• **WHAT IS REQUIRED**: Would you repeat the listing below exactly, with no pictures in it?

• **DATASET EXTRACT**:
___

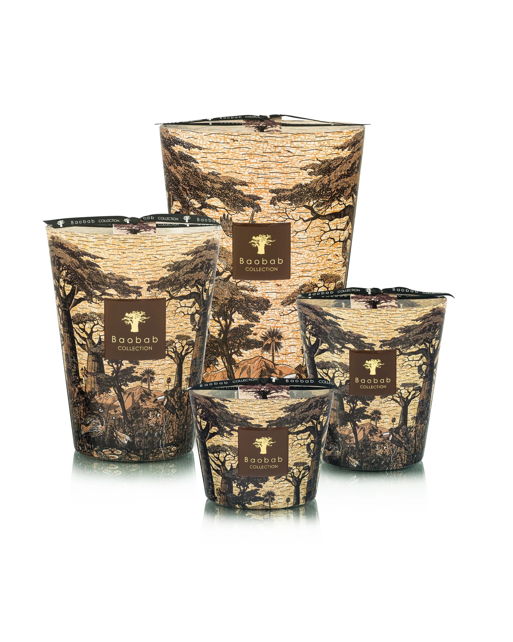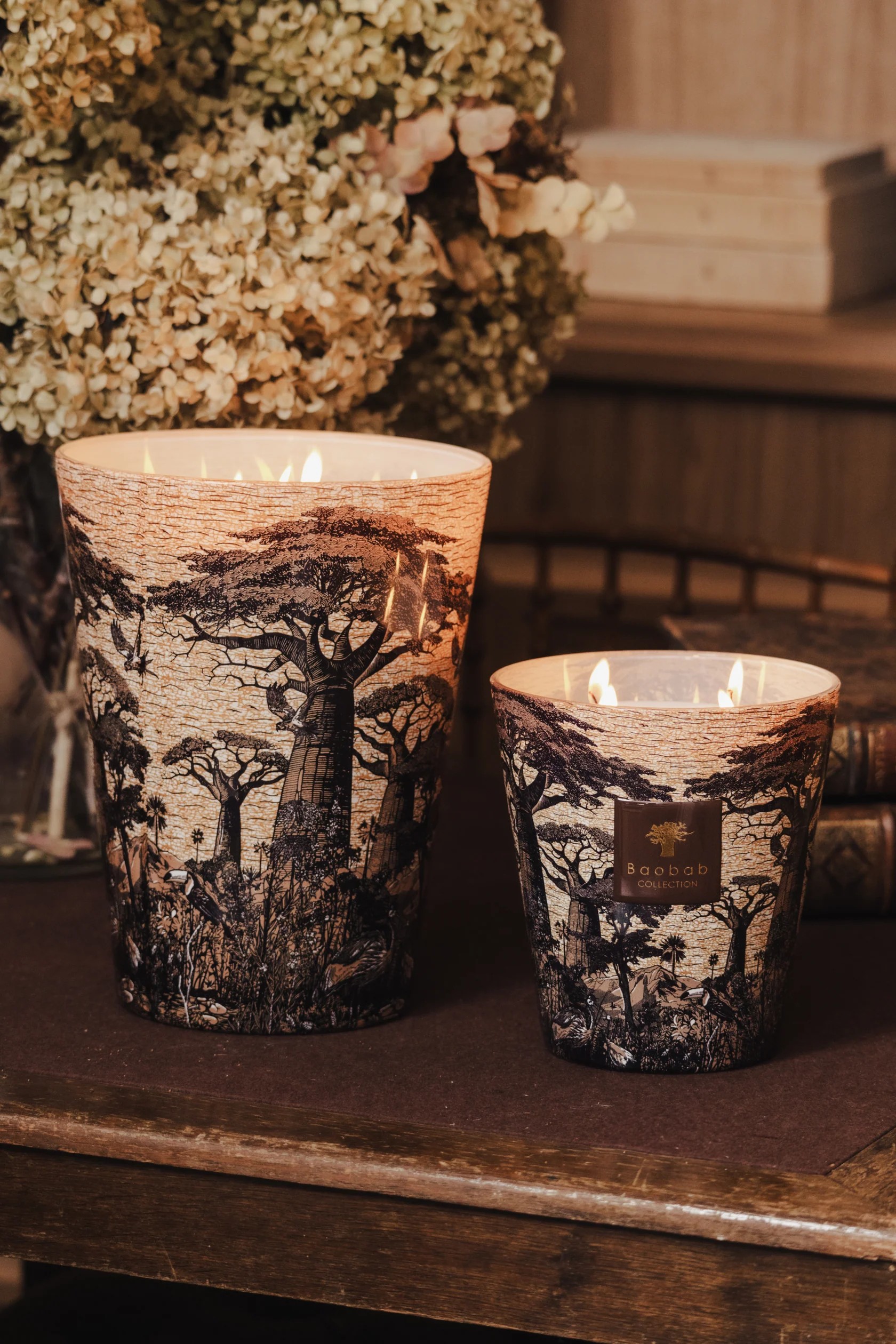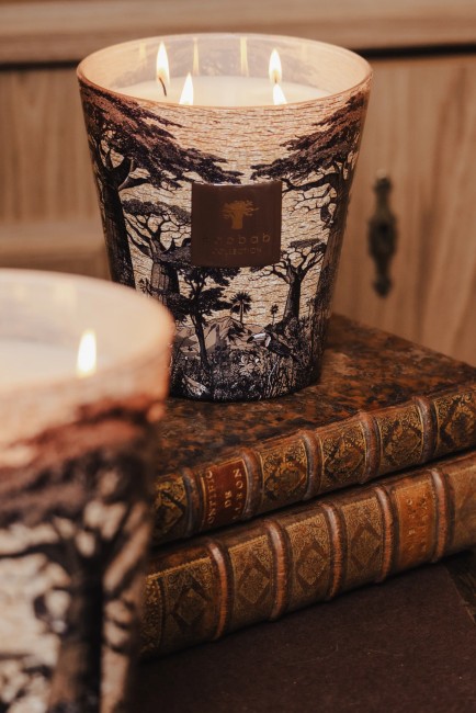 Les tons bruns et jaunes safran du dessin sur le verre sont en accord parfait avec son parfum boisé et épicé. La bougie devient un objet décoratif ethnique, suivant dans son allure l’ADN de notre marque.
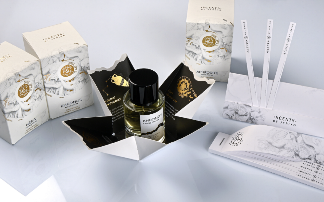 Pensé comme une véritable expérience sensorielle, ce projet de packaging s’inspire de l’univers des dieux de la mythologie grecque, dont les noms incarnent chaque fragrance. L’identité visuelle et les finitions ont été imaginées pour traduire cette dimension mythologique, noble et intemporelle.
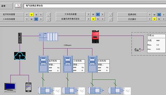 遠程監控: 通過物聯網遠程管理、實時掌握智能起重機運行狀態,實時顯示各機構運行參數、損耗、剩余壽命。無論身處何方,通過授權的遠程診斷系統,均能實現遠程故障診斷和預防性維保,確保智能起重機處于良好狀態。
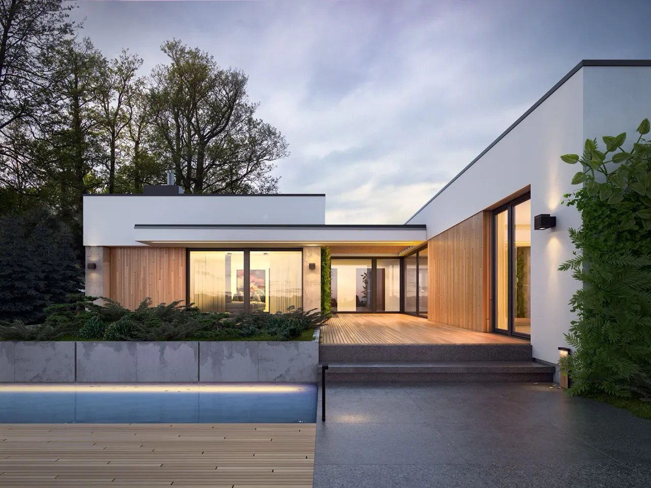 Elementem charakterystycznym dla bryły są przeszklenia, które występują w każdej części domu (dzienna, nocna i wejściowa). Tworzą one szerokie otwarcia na przestronne, częściowo zadaszone tarasy, a także kształtują formę budynku, włączając w to urokliwe "zielone" patio, które jest osłonięte pergolą.

___

• **FINISHED EXERCISE**:
 Les tons bruns et jaunes safran du dessin sur le verre sont en accord parfait avec son parfum boisé et épicé. La bougie devient un objet décoratif ethnique, suivant dans son allure l’ADN de notre marque.
 Pensé comme une véritable expérience sensorielle, ce projet de packaging s’inspire de l’univers des dieux de la mythologie grecque, dont les noms incarnent chaque fragrance. L’identité visuelle et les finitions ont été imaginées pour traduire cette dimension mythologique, noble et intemporelle.
 遠程監控: 通過物聯網遠程管理、實時掌握智能起重機運行狀態,實時顯示各機構運行參數、損耗、剩余壽命。無論身處何方,通過授權的遠程診斷系統,均能實現遠程故障診斷和預防性維保,確保智能起重機處于良好狀態。
 Elementem charakterystycznym dla bryły są przeszklenia, które występują w każdej części domu (dzienna, nocna i wejściowa). Tworzą one szerokie otwarcia na przestronne, częściowo zadaszone tarasy, a także kształtują formę budynku, włączając w to urokliwe "zielone" patio, które jest osłonięte pergolą.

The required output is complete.